It's no secret that drug discovery is an arduous process; it often takes pharmaceutical companies more than a decade and over $1 billion to bring a new compound to the market. Because of the complexities in discovering new drug candidates from scratch, many biopharmaceutical companies get a head start by drawing inspiration from nature.

Examples of blockbuster drugs that were discovered from obscure natural sources abound, so it should also come as no surprise that scientists are unlocking the therapeutic benefits of what may be today's most controversial plant: marijuana.

Source: GW Pharmaceuticals.

The best-known marijuana extract is the psychoactive compound tetrahydrocannabinol, or THC, but the plant also contains more than 60 lesser-known compounds that belong to the same chemical family as THC. Fledgling biotech GW Pharmaceuticals (GWPH) is exploring the medicinal potential of some of these chemicals, and some of the world's largest pharma companies, including AbbVie (ABBV -0.08%) and Valeant Pharmaceuticals (BHC -1.85%), market products in this drug class. Let's look at three of the most prominent products, and what investors should watch in the field of marijuana research going forward.

Sativex
GW Pharmaceuticals' Sativex is currently used to treat spasticity (muscle spasms and stiffness) caused by multiple sclerosis. It is composed of two compounds found in marijuana: THC and cannabidiol, or CBD, which isn't psychoactive. The drug, delivered through a vaporizer, is approved in 25 countries but isn't available in the U.S. just yet.

GW Pharmaceuticals is collaborating with Otsuka Pharmaceutical on clinical trials that could lead to FDA approval, and the duo is also working on clinical studies that could result in expanded approval for the treatment of cancer pain. Phase 3 trial data from some of these studies will be available toward the end of the year, and these results will be important catalysts for GW Pharma's stock.

Marinol and Cesamet
Unlike Sativex, AbbVie's Marinol is FDA-approved for the treatment of nausea in patients undergoing chemotherapy and is also prescribed to AIDS patients suffering from loss of appetite. The drug is made of a synthetic form of THC and is delivered as an oral capsule. Valeant Pharmaceuticals has a similar compound on the market called Cesamet, which also treats nausea in chemotherapy patients.

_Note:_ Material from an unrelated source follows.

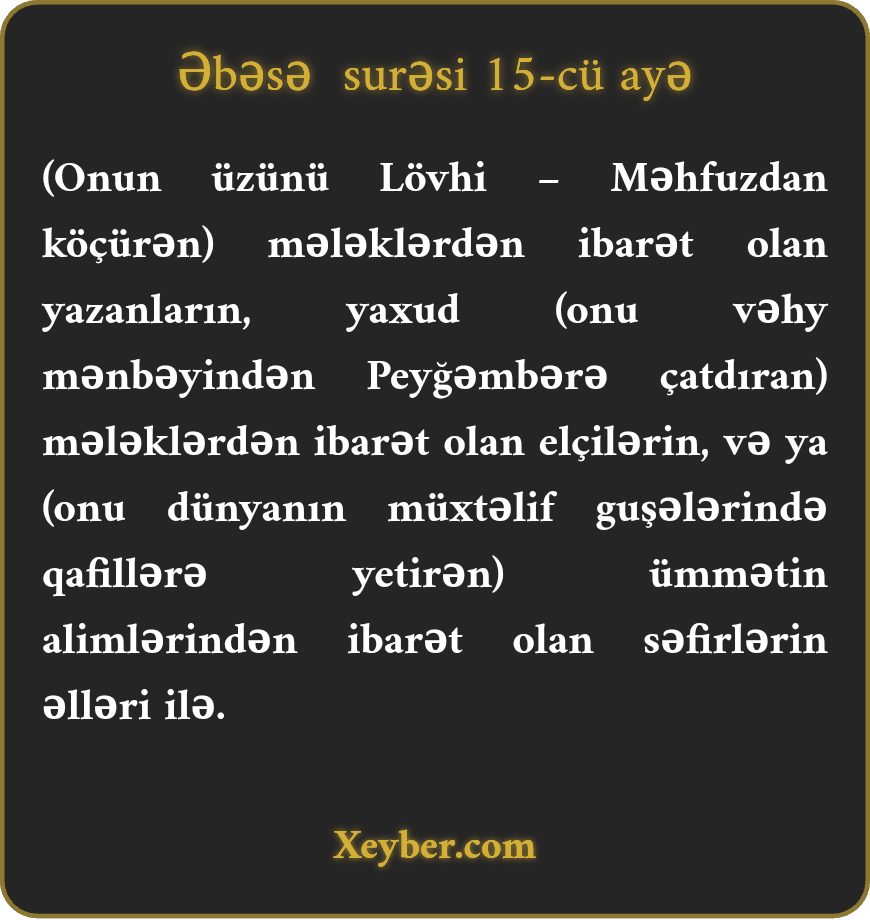 (Onun üzünü Lövhi – Məhfuzdan köçürən) mələklərdən ibarət olan yazanların, yaxud (onu vəhy mənbəyindən Peyğəmbərə çatdıran) mələklərdən ibarət olan elçilərin, və ya (onu dünyanın müxtəlif guşələrində qafillərə yetirən) ümmətin alimlərindən ibarət olan səfirlərin əlləri ilə.

Interestingly, marijuana is classified as a Schedule I drug by the DEA because it doesn't have a proven medical application and users may abuse the drug. Marinol and Cesamet, however, are listed as Schedule III and Schedule II drugs, respectively, meaning the FDA recognizes their clinical benefits and their abuse potentials are believed to be lower.

Looking ahead
The science behind these compounds is fascinating, but there are a few things investors need to consider when looking at pharmaceutical products derived from cannabis.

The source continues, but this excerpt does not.